Fortress Funding Group, an funding agency managing cash for institutional and personal purchasers, has mounted an try to seize management of a high-rise scholar condo constructing in Denver from Patrick Nelson and his firm, Nelson Companions Scholar Housing.

Nelson Companions, which operates housing complexes in eight states, has been sued by buyers who say Mr. Nelson owes them tens of tens of millions of {dollars}. His tenants say they’ve been caught in properties with elevators which can be busted, fireplace alarms that malfunction, utilities which were shut off for weeks at a time and piles of uncollected trash.

For the previous 12 months, Mr. Nelson has fought with lenders and buyers, placing three properties out of business in hopes of staving off foreclosures. Final week, a decide eliminated Mr. Nelson because the supervisor of one other property, a luxurious constructing close to the College of Texas in Austin that had been topic to foreclosures by Axonic Capital, a $4 billion hedge fund.

However Fortress, which manages $54 billion in hedge fund and private-equity belongings, is an opponent with even deeper pockets.

Earlier this month, an organization managed by Fortress filed a authorized discover in Denver to start the method of foreclosing on a $46 million mortgage that Mr. Nelson’s agency took out in November 2019 to finance the acquisition of the Auraria Student Lofts.

The Fortress affiliate took the motion after declaring Mr. Nelson’s agency in default on the mortgage and went to district court docket in Denver to get a receiver appointed to supervise the property.

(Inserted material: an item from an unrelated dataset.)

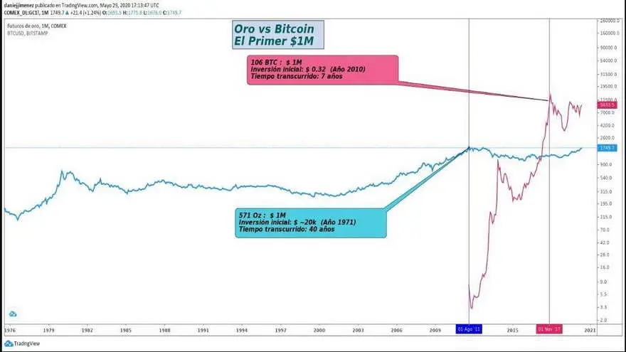Y no sólo fue más económico obtener el primer millón de dólares con Bitcoin, sino también más rápido y efectivo que los inversores de Oro en sus etapas iniciales de comercio, ya que solo bastaron siete años para alcanzar las siete cifras de retorno de inversión en BTC, en comparación con los 40 años del metal precioso.

One of many first steps the receiver took was to switch Mr. Nelson’s agency because the property supervisor for the constructing, the place some college students have complained about damaged elevators and total poor maintenance of the residential facility, which occupies the highest 13 flooring of a high-rise constructing and sits atop a lodge.

Michael Staheli, an govt with Cordes & Co., an insolvency advisory agency that Fortress put in as receiver, mentioned his agency wouldn’t focus on the case.

Mr. Nelson mentioned he had been taken benefit of by Fortress.

“The vultures at Fortress purchased the mortgage simply weeks earlier than the mortgage expiration for one cause: to foreclose on a wholesome property that has carried out nicely over seven years with the intent to steal tens of millions of {dollars} in fairness they don’t seem to be entitled to,” Mr. Nelson mentioned in a written assertion. “Fortress has no concern by any means for the scholars or for the buyers.”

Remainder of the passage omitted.